== Provided material

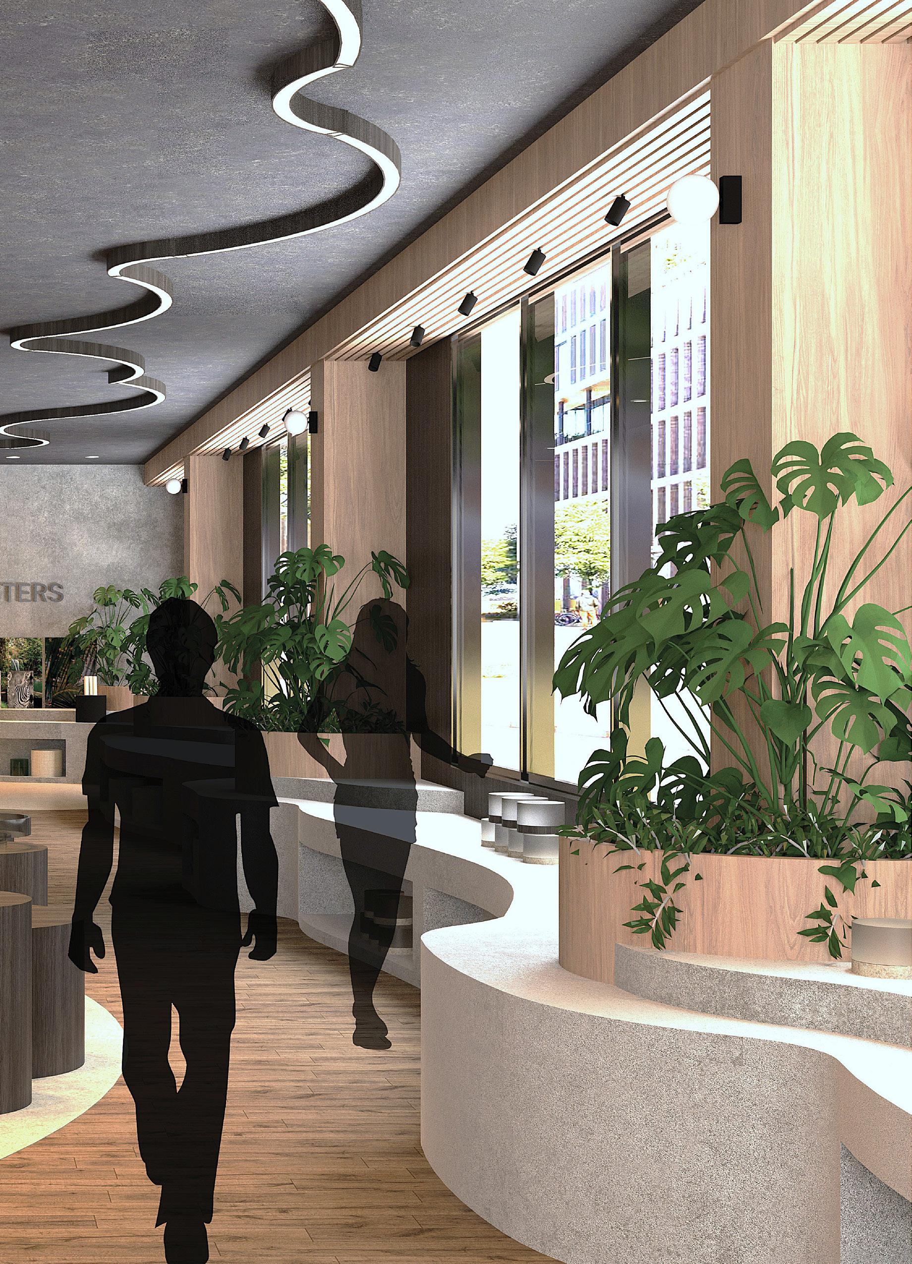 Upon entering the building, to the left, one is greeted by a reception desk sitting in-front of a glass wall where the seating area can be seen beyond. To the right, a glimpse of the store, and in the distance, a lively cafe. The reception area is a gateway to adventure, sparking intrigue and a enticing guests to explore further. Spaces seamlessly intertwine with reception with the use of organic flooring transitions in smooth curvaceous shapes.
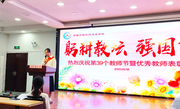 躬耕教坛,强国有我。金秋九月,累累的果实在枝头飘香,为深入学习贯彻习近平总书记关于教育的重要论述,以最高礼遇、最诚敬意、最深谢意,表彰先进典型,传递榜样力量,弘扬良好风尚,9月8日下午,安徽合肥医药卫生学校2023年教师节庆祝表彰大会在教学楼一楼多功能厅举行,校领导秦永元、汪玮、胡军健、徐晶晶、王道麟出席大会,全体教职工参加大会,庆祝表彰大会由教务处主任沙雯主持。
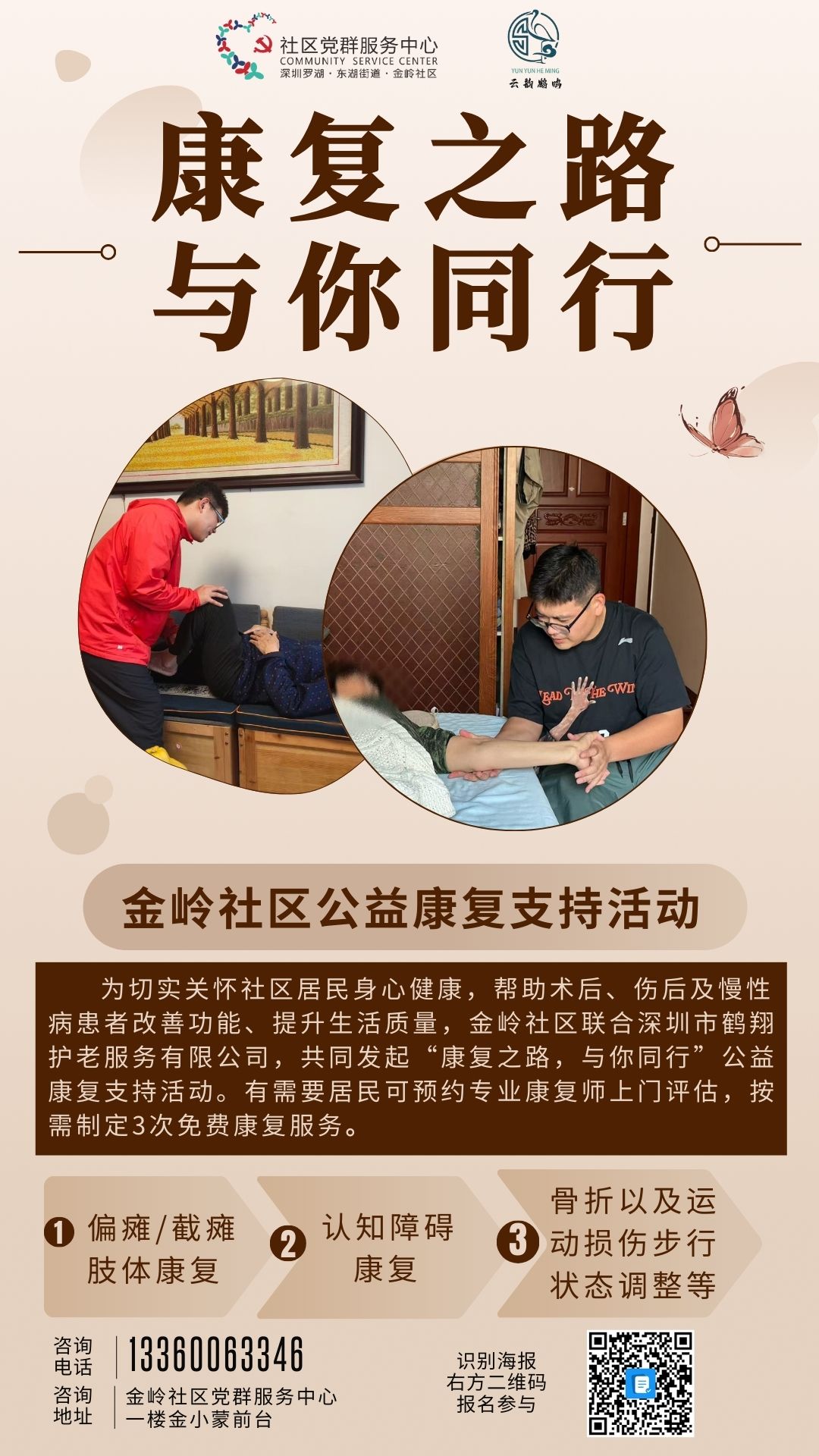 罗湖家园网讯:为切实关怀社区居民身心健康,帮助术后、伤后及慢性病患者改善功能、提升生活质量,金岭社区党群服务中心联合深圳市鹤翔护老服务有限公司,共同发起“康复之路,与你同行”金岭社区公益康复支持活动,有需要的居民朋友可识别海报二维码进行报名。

====

Work to complete:
An exact copy of the listing above, minus its pictures, is what is needed here.

Answer for the task:
 Upon entering the building, to the left, one is greeted by a reception desk sitting in-front of a glass wall where the seating area can be seen beyond. To the right, a glimpse of the store, and in the distance, a lively cafe. The reception area is a gateway to adventure, sparking intrigue and a enticing guests to explore further. Spaces seamlessly intertwine with reception with the use of organic flooring transitions in smooth curvaceous shapes.
 躬耕教坛,强国有我。金秋九月,累累的果实在枝头飘香,为深入学习贯彻习近平总书记关于教育的重要论述,以最高礼遇、最诚敬意、最深谢意,表彰先进典型,传递榜样力量,弘扬良好风尚,9月8日下午,安徽合肥医药卫生学校2023年教师节庆祝表彰大会在教学楼一楼多功能厅举行,校领导秦永元、汪玮、胡军健、徐晶晶、王道麟出席大会,全体教职工参加大会,庆祝表彰大会由教务处主任沙雯主持。
 罗湖家园网讯:为切实关怀社区居民身心健康,帮助术后、伤后及慢性病患者改善功能、提升生活质量,金岭社区党群服务中心联合深圳市鹤翔护老服务有限公司,共同发起“康复之路,与你同行”金岭社区公益康复支持活动,有需要的居民朋友可识别海报二维码进行报名。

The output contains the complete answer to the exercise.